Evlerine kapanan engelli arkadaşlara nasıl bir çağrıda bulunursun?
Öncelikle
kendilerine güvensinler. Yaşadıkları koşullar gereği bir güvensizlik
duygusu uyanmış olabilir ancak kendilerini teslim etmesinler. Her
birinin içinde inanılmaz cevherlerin ve yapabilecekleri çok şeyin olduğu
kesin. Bugün görmeyen, duymayan hatta zihinsel engelli olan
kardeşlerimiz bile imkan verildiğinde inanılmaz başarılara imza
atıyorlar. Önemli olan öncelikle hedef belirlemek.
SORUNLARIN SESİ OLACAK
*
Dişlerinin arasına sıkıştırdığın birçok başarının arasına geçtiğimiz
günlerde CHP'ye üye olarak siyaseti de yerleştirdin. Siyasete atılmak
gibi bir planın ya da hedefin mi var?
SİYASET
hayatın bir gerçeği. Engelli arkadaşlarımın sesi olduğumu düşünüyorum
ve onlara faydalı olmak istiyorum. Bir yerde bozuk bin engelli asansörü
varsa, bunu birinin dile getirmesi gerekiyor. Bu sıkıntıyı en rahat
anlayabilecek ve dile getirecek kişi de yine bir engellidir.
Öncelikle
CHP'nin siyaset okulunda bu konudaki eksikliğimi gidereceğim. Zaman
neyi gösterir, nereye akarım bilmiyorum. Hayat bir nehirdir ona karşı
kulaç atmak, yada dala tutunmak yerine kendimi bırakır, o sürüklenme
sırasında kendim için en doğru kararı vermeye çalışırım.

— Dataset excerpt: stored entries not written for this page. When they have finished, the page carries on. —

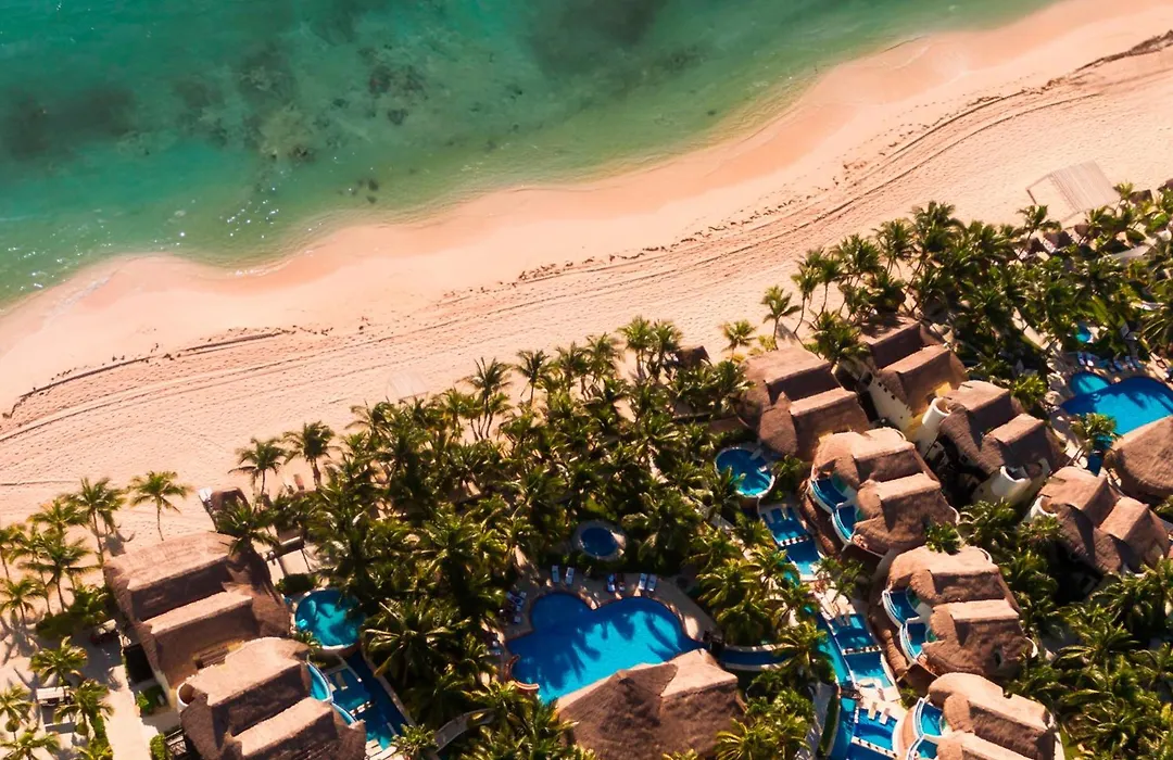 Leisure facilities include several pools, swim-up bars, and the new Casitas Spa offering treatments such as a Beachfront Sky Massage. The resort also features unique dining experiences like the food display with gourmet international and Mexican cuisine.
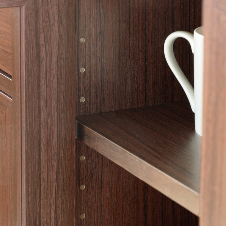移動棚は2枚。3cm間隔で調整できるので収納したいものに合わせて調整可能です。
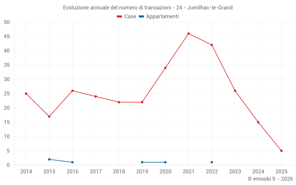 Il prezzo mediano sulle 31 transazioni di case degli ultimi 24 mesi nel comune di Jumilhac-le-Grand era di 1 296 € al metro quadrato per un valore patrimoniale mediano di 130 000 €. In questo periodo il 60% delle transazioni era tra 758 e 2 136 € al metro quadrato (dal 2° all'8° decile).
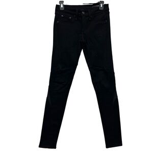 Elevate your style with these chic Rag & Bone black skinny jeans featuring sleek leather accent panels for an edgy yet sophisticated vibe. Crafted in the USA with exceptional attention to detail, these jeans are designed to flatter with a slim, elongating silhouette. Perfect for pairing with heels for a night out or boots for a cool, street-style look.
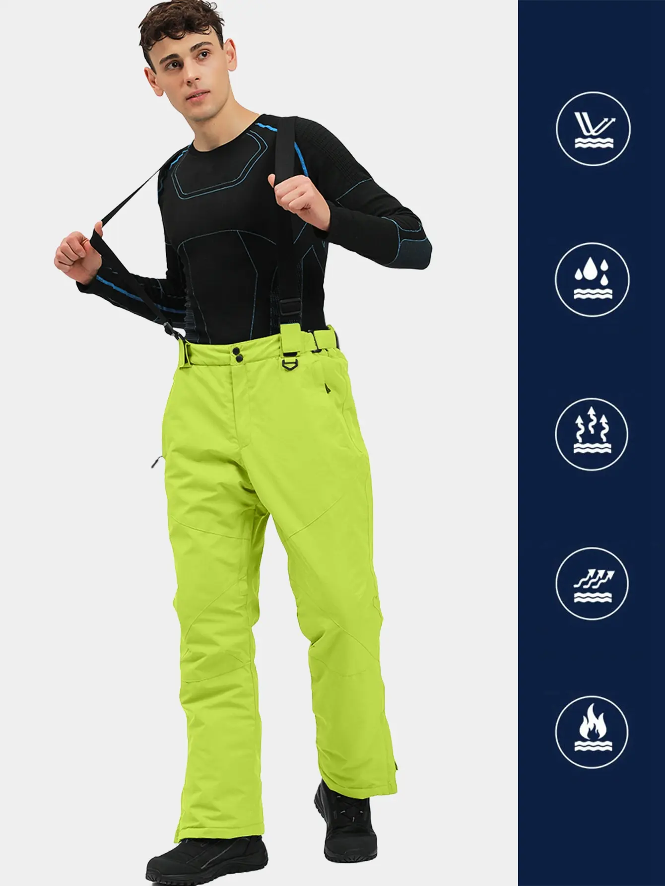WATERPROOF & BREATHABLE: Men's snowboard pants are made of a microporous waterproof membrane fabric with molecules smaller than water molecules but larger than air molecules, so that our men's ski pants are waterproof and breathable.
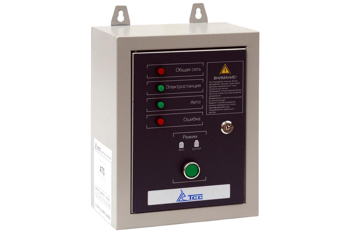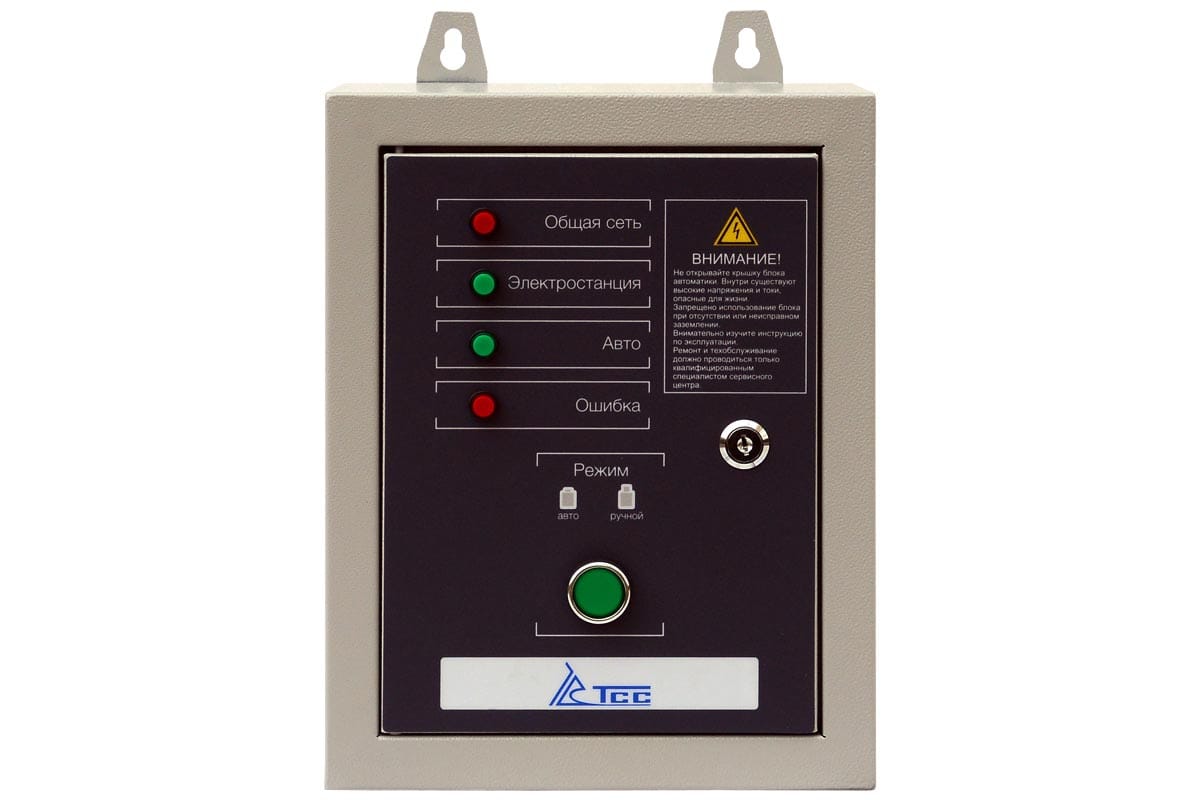 Блок АВР TSS 10 кВт/400 включает в себя систему автозапуска и АВР (автоматического ввода резервного электропитания). Предназначен для автоматического запуска бензинового генератора в момент пропадания основного источника электроэнергии и переключения нагрузки без вмешательства человека. При появлении основного источника электропитания происходит отключение электростанции. Блок автоматического управления для контроля наличия напряжения в сети.

SAĞLAM BEDEN ENGELLİ YAŞAM
Oğuz Mucurluoğlu'nun bu başarısının ardında anne Meral İpek duruyor.
Oğuz'a
hem anne hem de babalık yapan Meral İpek, sağlam bedenine rağmen
oğluyla birlikte son 40 yıldır engelli bir yaşam sürüyor. Çocukluk
yıllarında mamasını yedirdiği oğlunu sırtında taşıyarak okula götüren
anne, bugün ise her sabah Oğuz'un elini yüzünü yıkıyor, dişlerini
fırçalıyor ve uzayan sakallarını kesiyor.

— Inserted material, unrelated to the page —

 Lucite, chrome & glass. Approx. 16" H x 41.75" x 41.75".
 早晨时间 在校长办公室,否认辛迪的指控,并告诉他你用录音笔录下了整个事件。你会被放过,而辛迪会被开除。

Oğuz'un hayatından dolayı kendisine özel bir zaman ayıramayan cefakar anne, boş vakitlerinde ise Oğuz'un dizlerinin üzerinde yürürken yere sürtünen ve yırtılan evde terlik niyetine kullandığı ayakkabılarına yama yapıyor.
Oğuz'un hayatından dolayı kendisine özel bir zaman ayıramayan cefakar anne, boş vakitlerinde ise Oğuz'un dizlerinin üzerinde yürürken yere sürtünen ve yırtılan evde terlik niyetine kullandığı ayakkabılarına yama yapıyor.